This bill reclaims congressional authority by requiring presidential and USTR approval from Congress before imposing new or modified trade duties for national security or unfair trade practice reasons, with limited exceptions for urgent action.
Josh Gottheimer
Representative
NJ-5
The Reclaiming Congressional Trade Authority Act of 2025 significantly limits the President's ability to impose new import duties for national security reasons by requiring explicit authorization via a Congressional joint resolution of approval. This bill also mandates that the U.S. Trade Representative must submit proposals for certain trade restrictions to the International Trade Commission and Congress, allowing Congress a 60-day window to disapprove the action. Overall, the legislation reasserts Congress's role in approving major trade restrictions previously enacted unilaterally by the Executive Branch.

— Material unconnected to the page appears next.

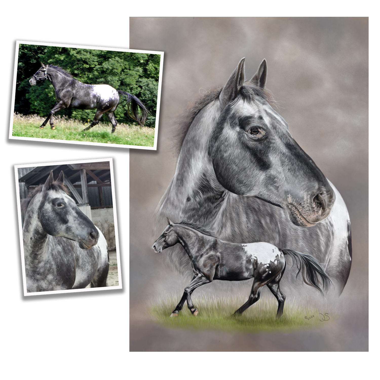 Um dir vorab einen ersten Eindruck zu möglichen Farben und Ausschnitten sowie Platzierungen von mehreren Tieren in einer Collage zu geben, bekommst du zuerst digitale Gestaltungsvorschläge. Nach der Zustimmung zu einem Entwurf beginne ich mit der Fertigung des Portraits.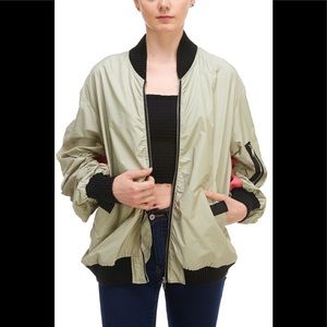 Signature 8 Detail-Sleeve Bomber Jacket. Olive green with pink.

If you’re running a business that imports components or just buying consumer goods, you know that sudden tariffs can feel like a random tax hike hitting your budget. The Reclaiming Congressional Trade Authority Act of 2025 is designed to limit the President's and the U.S. Trade Representative's (USTR) ability to drop those tariffs on us without a serious review first.
Right now, the President has significant power to impose new import taxes—duties—especially if they claim it’s for national security reasons (often called Section 232 duties). This bill drastically changes that by requiring Congress to sign off. Under Section 2, if the President wants to impose a new national security duty, they can’t just announce it; they must first send the proposal to the International Trade Commission (ITC) for an economic review, consult with both the Department of Defense and four key Congressional committees (Finance, Ways and Means, Armed Services), and then wait for Congress to pass a joint resolution of approval.

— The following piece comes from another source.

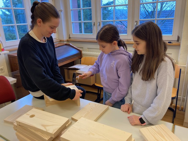 Nistkästenbau mit den Drittklässlern der Grundschule Oberschopfheim

Think of it this way: the President used to have the keys to the tariff car and could drive it wherever they wanted. Now, they have to stop, get a map from the ITC, get permission from Congress, and get a co-pilot from the Defense Secretary before they can even put it in drive. This is a massive shift of power from the Executive Branch back to the Legislative Branch, meaning fewer surprise tariffs that rattle supply chains and more predictable trade policy after careful economic assessment.
Of course, sometimes things are truly urgent. The bill acknowledges this by including an Exception for Urgent Action. If there is an immediate national emergency, a threat to life, or a direct national security threat, the President can hit the emergency brake and impose duties immediately, but only for a maximum of 120 calendar days. This window is meant to give the President time to act while Congress works through the full approval process. However, the definition of "urgent national security threat" is broad, which means this 120-day window could become a loophole if a President decides to use it frequently to bypass the approval process temporarily.

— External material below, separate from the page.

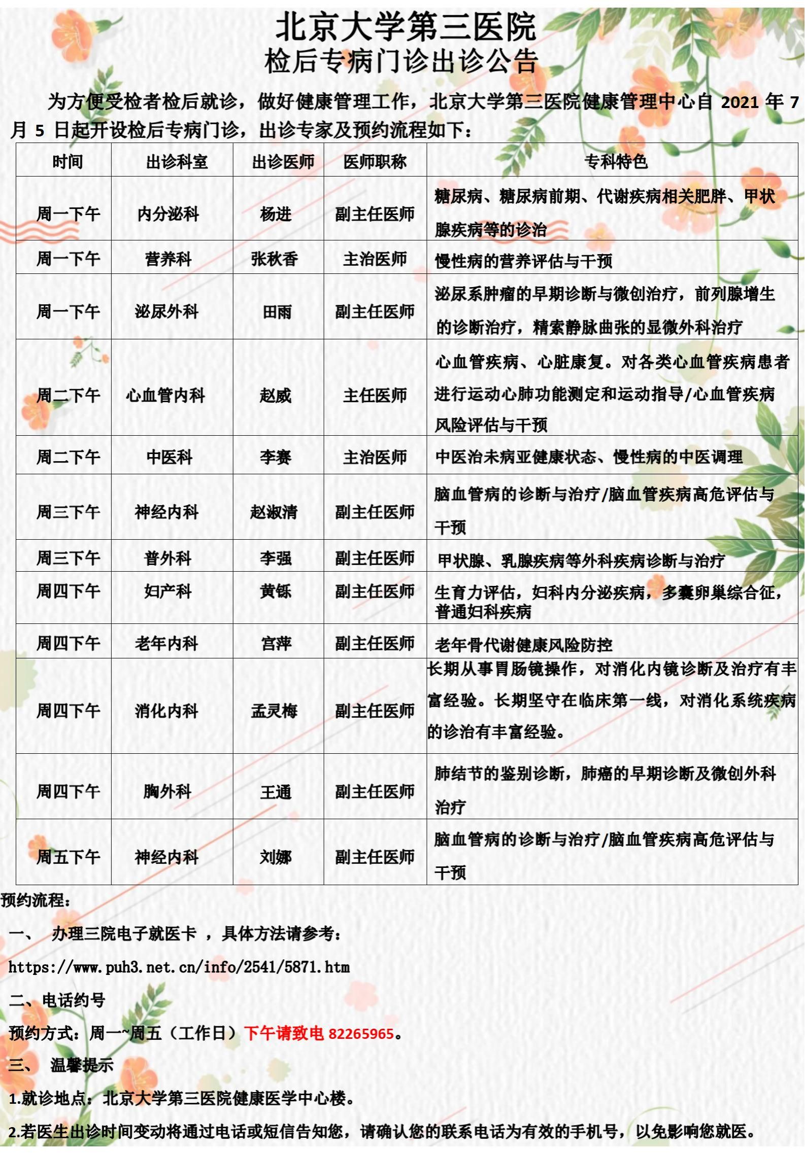 为方便受检者检后就诊,做好健康管理工作,北京大学第三医院健康管理中心与内分泌科、营养科、神经内科、心血管内科、普通外科、老年内科、妇产科、消化内科、中医科等临床重点专科联动联通,率先开设检后专病门诊。

It’s not just the President; the U.S. Trade Representative (USTR) also faces new restrictions when imposing duties under Section 301 (often used against unfair trade practices). Section 3 requires the USTR to follow a detailed process before any new duties can be implemented. This includes submitting the proposal to the ITC for an economic impact analysis, consulting with relevant Congressional committees (including the Agriculture committees if farm products are involved), and then entering a 60-day waiting period.
During this 60-day review, Congress can effectively veto the USTR’s proposed action by passing a disapproval resolution. For the small business owner, this means that trade actions designed to punish foreign competitors will take longer to implement, but they are far less likely to be blocked by Congress because of unintended negative economic consequences here at home. While businesses relying on fast, targeted trade responses might see delays, the increased review process offers more stability and predictability for industries reliant on global trade.